NPS: Experts say that it should be treated like SIP and like mutual funds, its negative return on investment is also temporary. He says that people should pay attention to its benefits.
new Delhi. Although there are many benefits of investing in the National Pension System (NPS), but due to the market-linked scheme, many times the returns start coming in negative. This makes many investors nervous and start reducing their contribution to NPS. Is it right to do so, or should investors keep their investment stable without fear. What do experts say about this, today we are going to tell you this in this article.
National Payment System is a scheme supported by the government. By investing in it, you get 2 benefits after maturity. One is that you take home 60 per cent of the funds generated together. Second, you have to buy an annuity from 40 per cent.
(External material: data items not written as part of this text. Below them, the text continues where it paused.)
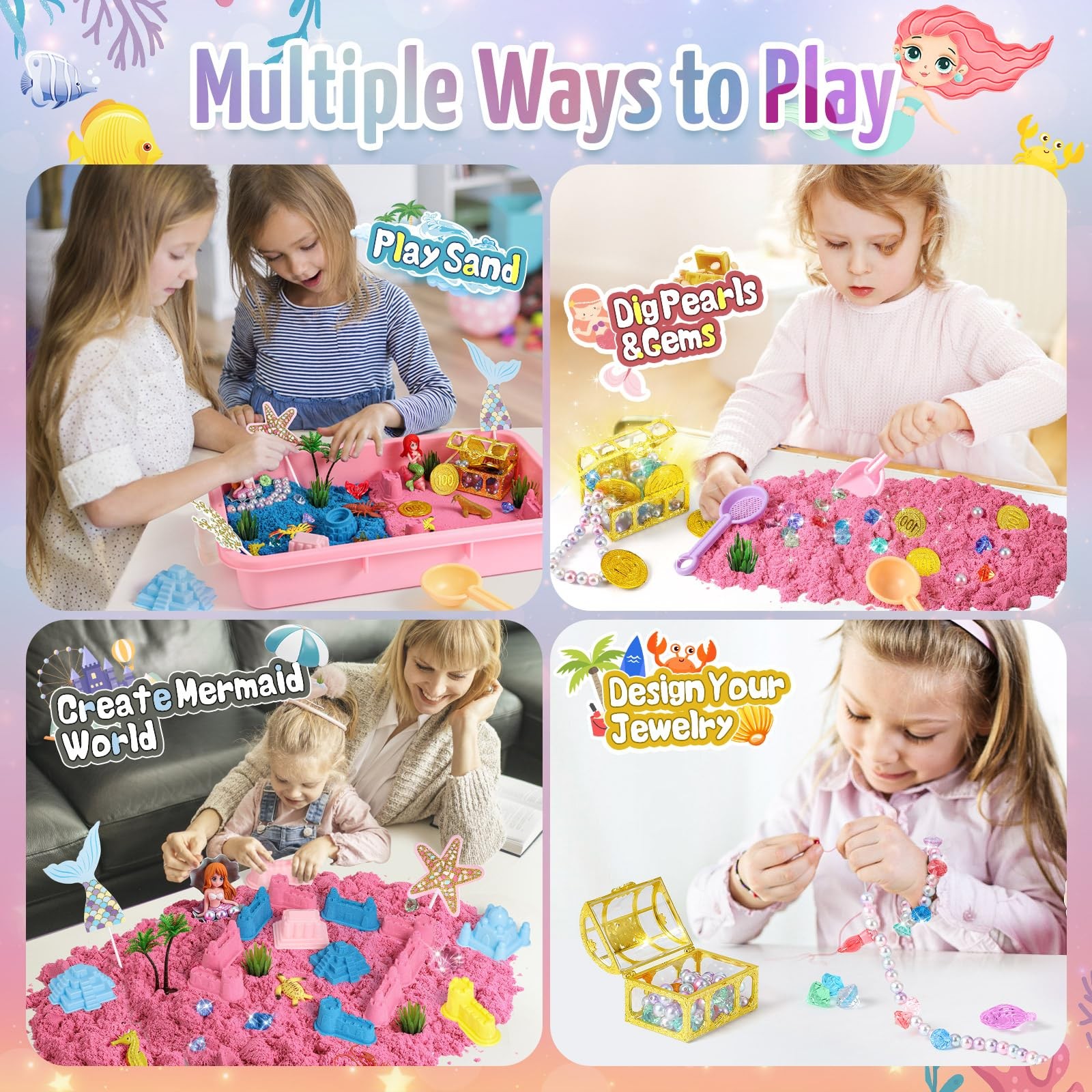 Mermaid Sensory Bin,Play Sand Art Kit for Girls and Boys with 2.2lbs Sensory ...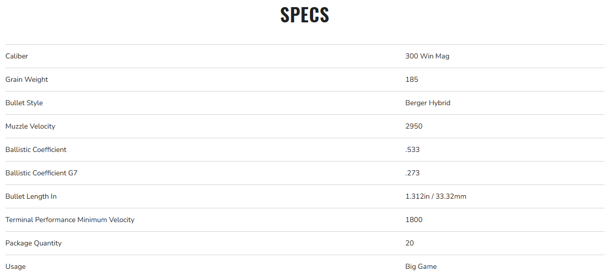- Lethal and reliable terminal performance on medium and big game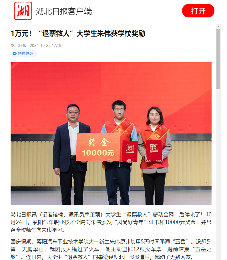 《湖北日报》1万元!“退票救人”大学生朱伟获学校奖励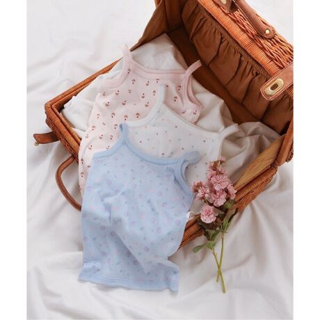 apres les cours(アプレレクール)の肌着「GIRLSフライス総柄キャミソール」は、手頃な価格とおしゃれなデザインが人気!毎日着るものだからかわいいインナーで♪

Annuity can also be called pension. You get this every month, 3 months, 6 months or on an annual basis. With this, your financial condition remains sound after retirement. NPS is a market linked scheme, so there is some risk in it but the returns are also tremendous.
What is the reason behind the negative return?
Now let’s talk about the issue for which you have come here. You will not always get strong returns in NPS. In the period of market decline, there will be a decline in the returns of NPS. Satya Nadella, MD and CEO of Kfintech, writes that in the last few years, the way mutual funds are giving negative returns, almost the same situation has happened with NPS. However, he says that there is no need to scare investors from this. He says that equity and debt markets have underperformed in recent times, so you should keep increasing your investment in NPS. He believes that people should look at NPS just like a SIP. According to Nadella, the main reason for the decline in the returns of MFs in recent times is the market leaning towards large cap stocks. He said that whenever this happens in the market, schemes related to equity tend to go down.
What should investors do
He says that investors should not panic due to the ups and downs in the market and should maintain their investment in NPS. He said that instead of worrying about the decline in NPS returns, keep investing keeping in mind its benefits so that you do not have to worry about money in future.